Our understanding of the risk factors for heart disease, the related prevention programs, diagnosis and treatment are continuously improving. At the same time, there are many unknowns that need to be studied. After all, heart disease kills more people than any other disease in the U.S. and worldwide. One of the questions in search of an answer centers around the mechanisms that lead to the repair of the injured heart. These mechanisms involve cells of the immune system, and especially cells dubbed mononuclear phagocytes, which include monocytes, macrophages, and dendritic cells. These cells modulate — either increase or suppress — the healing process of the injured heart.
Results from a new study (Embryonic and adult-derived resident cardiac macrophages are maintained through distinct mechanisms at steady state and during inflammation) published two days ago (January 16, 2014) in the journal Immunity, show that there there are two major types of macrophages involved in the healing process of the injured heart. One type appears to promote healing, whereas the other type drives inflammation, which is detrimental to long-term heart function.
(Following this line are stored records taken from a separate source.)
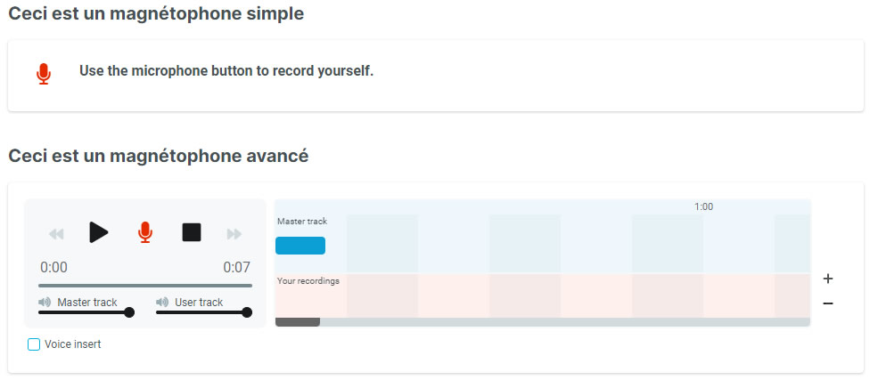 Il existe deux types de Magnétophones : le Magnétophone Simple et le Magnétophone Avancé. Voici à quoi ils ressemblent au sein d’un exercice :
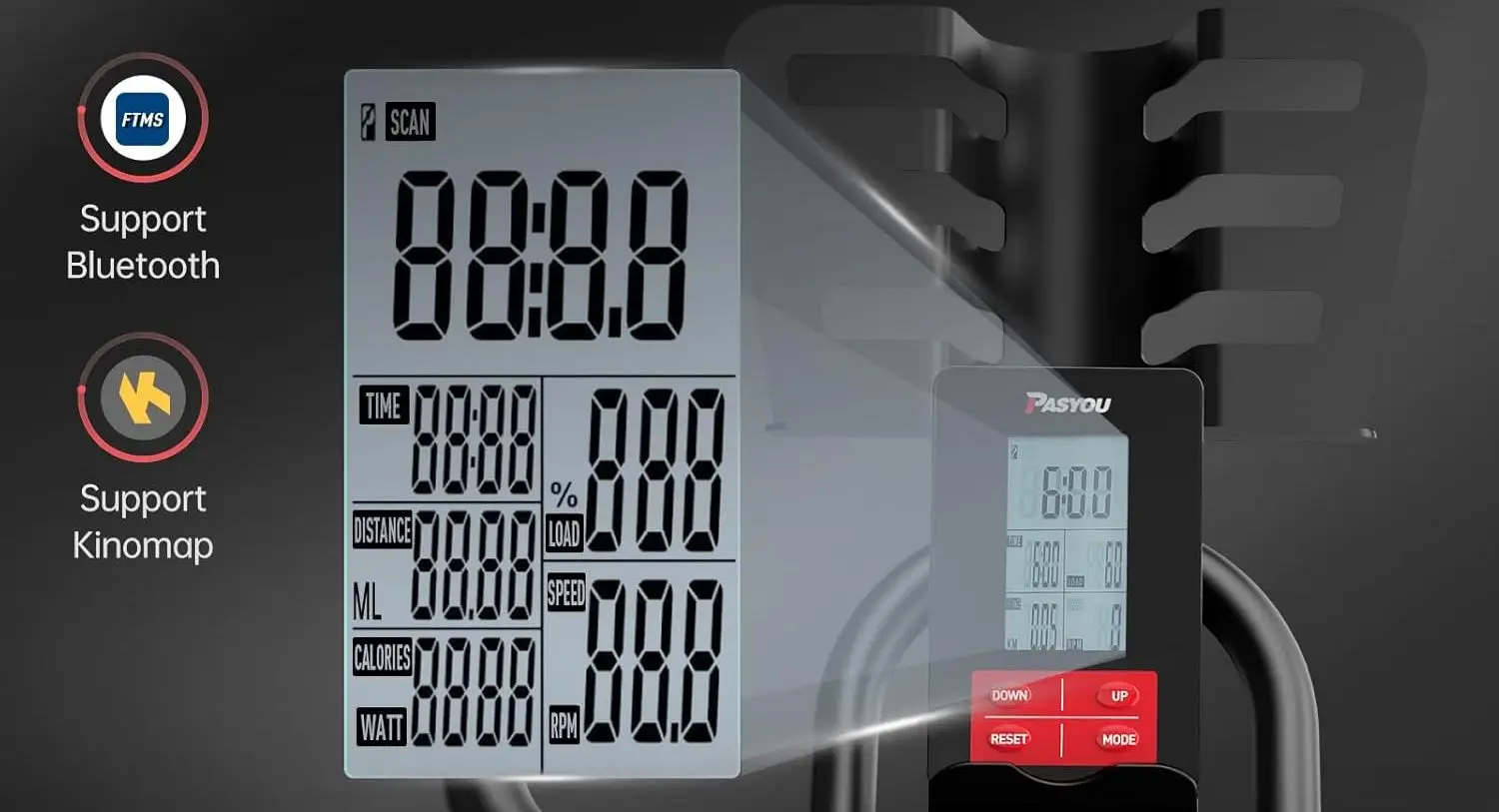 Das PASYOU S70 nutzt ein Magnetbremssystem, das auf sechs Magnete aufgerüstet wurde und 100 Widerstandsstufen (manuell einstellbar) bietet. Der Einstellbereich ist sehr groß und reicht von einer leichten Fahrt auf der Ebene bis hin zu einem extrem hohen Widerstand, der Bergetappen simuliert.
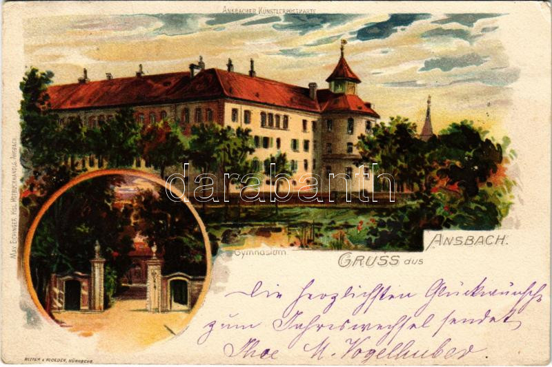 1900 Ansbach, Gymnasium / grammar school. Art Nouveau, litho (EB) https://www.darabanth.com/hu/488-Gyorsarveres/488.0/Kepeslapok/Nemetorszag~2500058/1900-Ansbach-Gymnasium-grammar-school-Art-Nouveau-litho-EB~II3148301
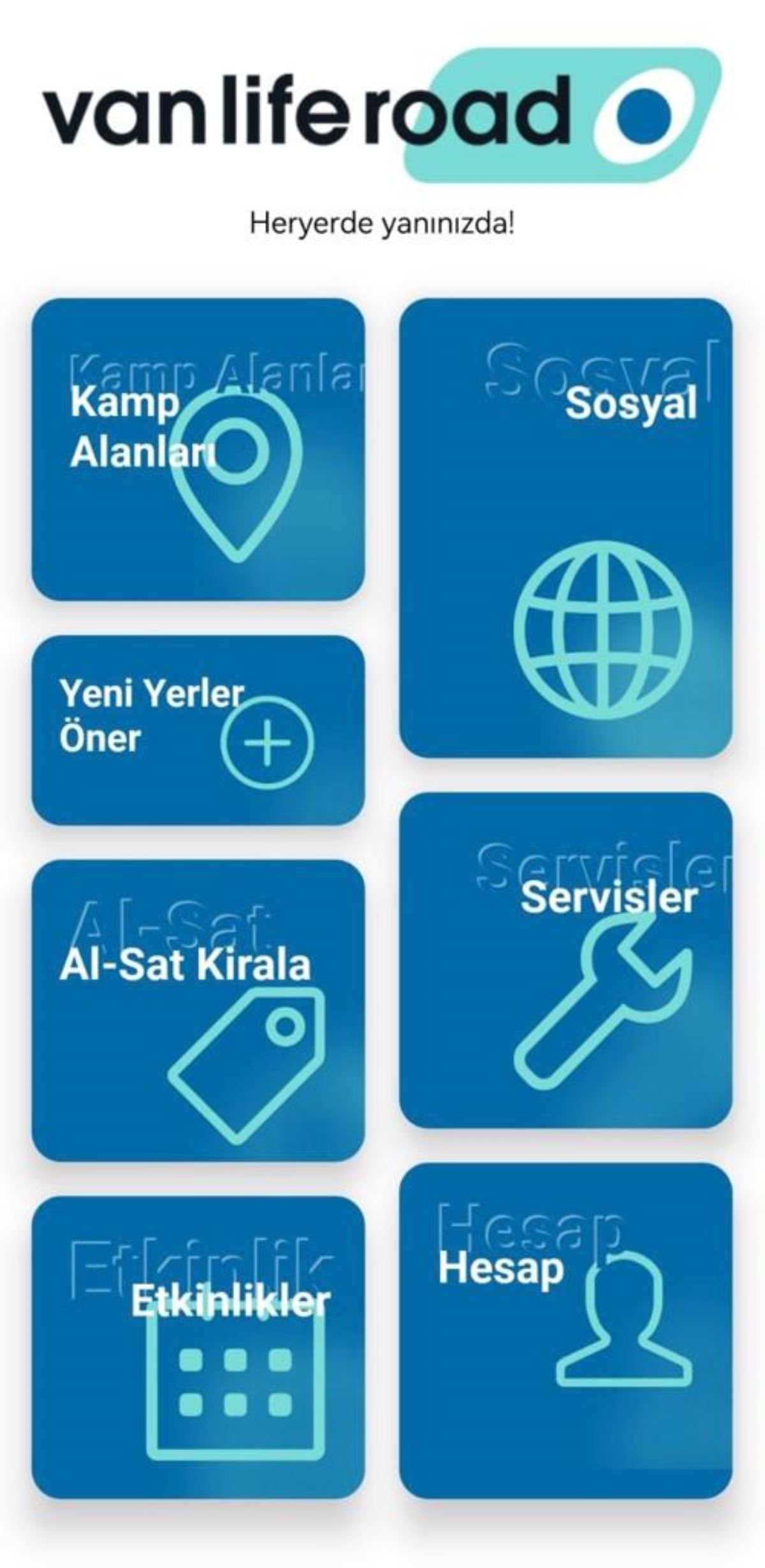 Kamp hayatı için Vanliferoad mobil uygulama ile web sitesi geliştirildi.
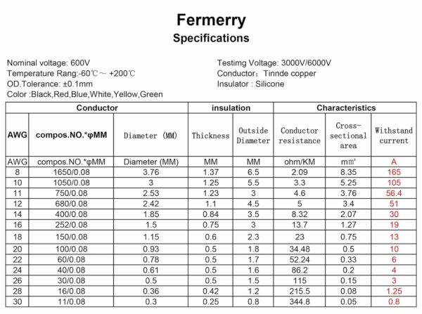 Application-Fermerry silicone wires are widely used in LED lighting, electrical and electrical equipment, aluminum batteries, RC batteries, model wiringz harnesses, instrumentation internal connections, large transformers and motors connecting equipment with wires,etc
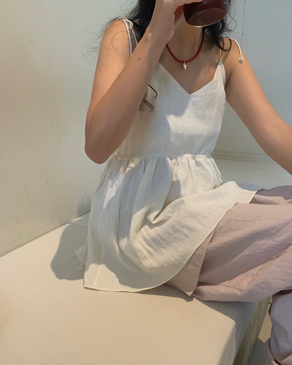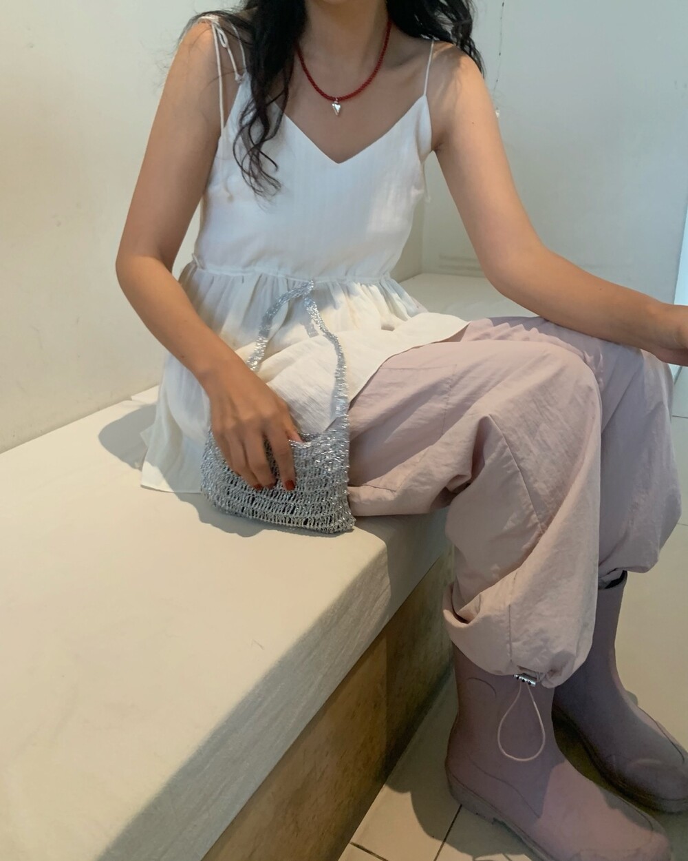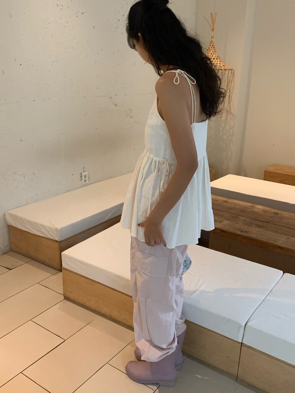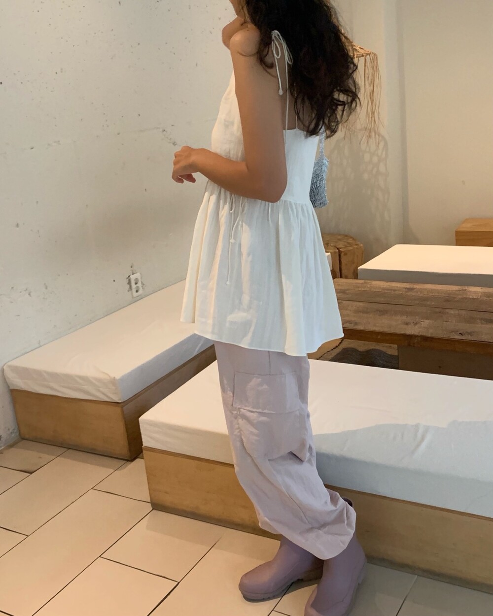 더 러블리하고 더 잘록한 허리 핏으로 착용할수 있는 민소매 탑이에요.

“Macrophages have long been thought of as a single type of cell,” said first author Slava Epelman. “Our study shows there actually are many different types of macrophages that originate in different places in the body. Some are protective and can help blood vessels grow and regenerate tissue. Others are inflammatory and can contribute to damage.”
Macrophages are involved in the elimination of pathogenic microbes as well as damaged and dead cells and also participate in the activation of other cells of the immune system. They are present in nearly all tissues and, historically, have been viewed as deriving from white blood cells called monocytes, which originate in the bone marrow and circulate in the bloodstream. However, recent studies indicate that most populations of tissue macrophages are established embryonically, persist into adulthood and, in the absence of inflammation, maintain themselves at specific locations by proliferating.
“Now we know it’s more complicated,” Epelman said. “We found that the heart is one of the few organs with a pool of macrophages formed in the embryo and maintained into adulthood. The heart, brain and liver are the only organs that contain large numbers of macrophages that originated in the yolk sac, in very early stages of development, and we think these macrophages tend to be protective.”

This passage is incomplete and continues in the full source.